Jeremy Clarkson

Jeremy Clarkson

Clarkson on: speed limits

Since quiz shows are all the rage at present, I thought we'd begin this month with a question. If you took two identical cars to Silverstone and drove one round the track at an average speed of 70mph and one at 50mph, which one do you think would cross the finishing line first?

Not so fast, Mr Weakest Link, because new figures from the government of spin, headed by His all conquering greatness, President Tony, seem to show that the slower you go, the faster you'll get there.

They've just finished the great M25 experiment with moveable speed limits, and now they're saying that contrary to the teachings of Einstein, E does not equal MC squared. Time and distance have nothing to do with one another.
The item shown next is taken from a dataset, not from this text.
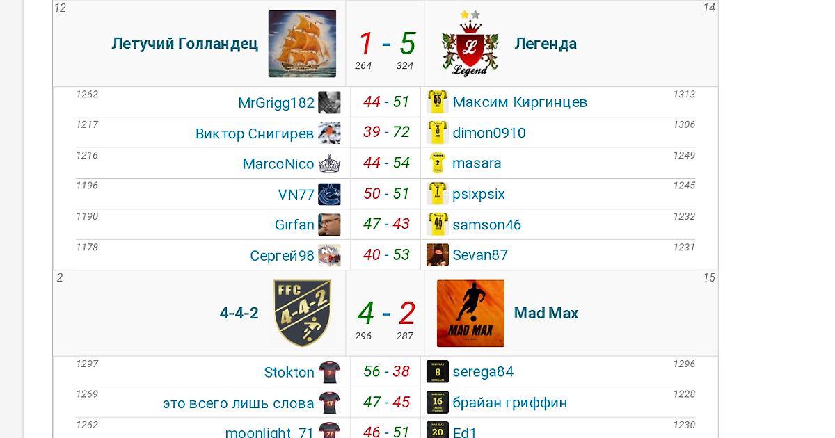 Идущая в зоне вылета Тёмная лошадка выигрывает у нас 4:2 и решающим стал фактор-х, они взяли Кордобу кепом , а мы Кассьера((. Но пик в лице Роналдо может и спасти нас. Такое бывает- Зенит не первый раз нас подставляет, ТО Краснодар на выезде не заметит, то проигрывает дома Рубину . Наша беспроигрышная серия насчитывает больше 7 матчей и дальше хотим ее продолжить, но это будет сделать очень сложно. Как по мне максимум что нам светит это ничья, но мы не расстраиваемся- это сделать нас ещё сильнее и всё получится. Отмечу участников - basyrov-2000, vlad справляются с командной работой. Следует у них получится всем. По другим матчам---- топ тура принадлежит по праву Red ордену и Гомелю .Более семи матчей не проигрывают оба, логичным исходом тут будет ничья. Ну посмотрим как сыграют коллективы - много у парней ростовчан и армейцев, будет интересно. Легенда в этом туре после проигрыша без вариантов у нас в. прошлом туре, в этом выигрывает Ну и играет довольно-таки неплохо. Я думал что мы этих отцепили во 2 дивизион, но они пока барахтаются. Немножечко барахлит Арарат- интеллектуально развитый тим, в любом случае парни, думаю заслужили выход в высшую Лигу. Mad Max конечно же команда неплохая , но что-то не удаётся у ребят в следующем турнире у них всё будет намного получше. Так что, ставьте плюсы, комментируйте, критикуюйте сей пост. И да, на следующий сезон у нас проходит набор в команду, поэтому вменяемых и адекватных людей просим в нашу франшизу💪

Darwin was wrong, North is South and the moon is made of cheese.

Yes, the New Labour egg heads say that since the speed limit on the M25 was dropped from 70 to 50mph, journey times have been cut by 27 per cent. Well if that's the case, let's cut them to 0mph because then we'd get there before we set off. Better still, let's go everywhere in reverse.

Sometimes I lie awake at night worrying that these people are running the country. They are deciding how many troops should be sent to Afghanistan and whether we should join the euro. They are in control of a multi-billion-pound public purse and they're all as daft as brushes.

Really, they are, because having announced that the slower you go, the faster you'll get there, and that speed kills anyway, they've now decided that the best thing they can do is increase the motorway speed limit to 80mph.

No, it isn't. They say that an 80mph limit will bring us into line with the rest of Europe but look, if it's European harmonisation they're after, they should start with something useful, like plug sockets. Or better still, get the French to speak English.

"Sometimes I lie awake at night worrying that these people are running the country"

It's fine to drive at 80 in France because, for the most part, there are few cars on the road. It's fine to drive at 80 in Italy because at this point most of the locals are just getting into second. And it's fine to do 80 in Germany because you'll get out of there more quickly.

It is, however, not fine to have an 80 limit in Britain because then, the police will turn a blind eye to those doing 95. And 95 on British motorways is too fast. There are too many other cars, too many Nissans, too many pensioners coming the other way on the wrong side of the road.

And then, in the middle of the night, when there's nothing in front of you but a rolling horizon, and Doris is tucked up in bed, who cares whether the speed limit is 80 or 70? It's still 500mph too low.

There's worse news too because someone at the Brain of Britain factory in Whitehall has decided that some of Britain's busiest motorways will not be subject to the increase. Instead the limit will be cut, permanently, to 50.

Now what kind of a moron thought that one up? The stretches they're talking about are most of the M25, chunks of the M4 and that bit of the M6 just north of Birmingham. But as anyone who's ever set foot outside Maida Vale knows, 50mph on these roads is an impossible dream. You could make the limit mach one and it wouldn't make the slightest bit of difference.

It'd be like making it illegal to have sex with Cameron Diaz. Fine. I wasn't going to anyway.

If I ever find myself doing 50mph at any point between Walsall to the Hilton Park services, I promise, I will pull onto the hard shoulder and eat the car.

This, however, is what His Tonyness fails to understand; that people go with the flow. We drive as fast as traffic conditions allow. We use public transport when its better than taking the car. We use an umbrella when it's raining and wear a jumper when it's chilly. Or not, if we live in Newcastle. The point is that we don't need a government to tell us what to do from the moment we get out of bed in the morning.

Of course, the big advantage of the new 50 limit is that in the middle of the night, no-one will stick to it, and they'll raise an absolute fortune from those cameras which are hidden on the far side of the gantries. But, you sense, that is just a bonus, a bit of a cherry on the icing. The main reason they want to mess with the speed limit is the same reason they want to mess with everything else. Because politicians are born to interfere.

Think what it must be like to go for a drive with His Tonyness in the back. ‘No, it's left here. No, not that left. Go sort of straight ahead down the centre but a soft left.'

Then there's the problem with the railways. The only reason they can never be made to work is because politicians like Stephen Byers, who doesn't have a single atom of business acumen in his entire being, keeps sticking his nose in.

And what about terrorism? If there's one country on earth which knows how to deal with the spectre of the car bomb it's us. We've had more practice than anyone but along comes David Blunkett and, all of a sudden, you can be locked up for owning a tea towel.

I've said it before but it warrants another airing. A government's job is to erect park benches and change the bulbs in the street lights. And that's pretty much it.

Leave us alone and for crying out loud, leave the speed limit alone as well.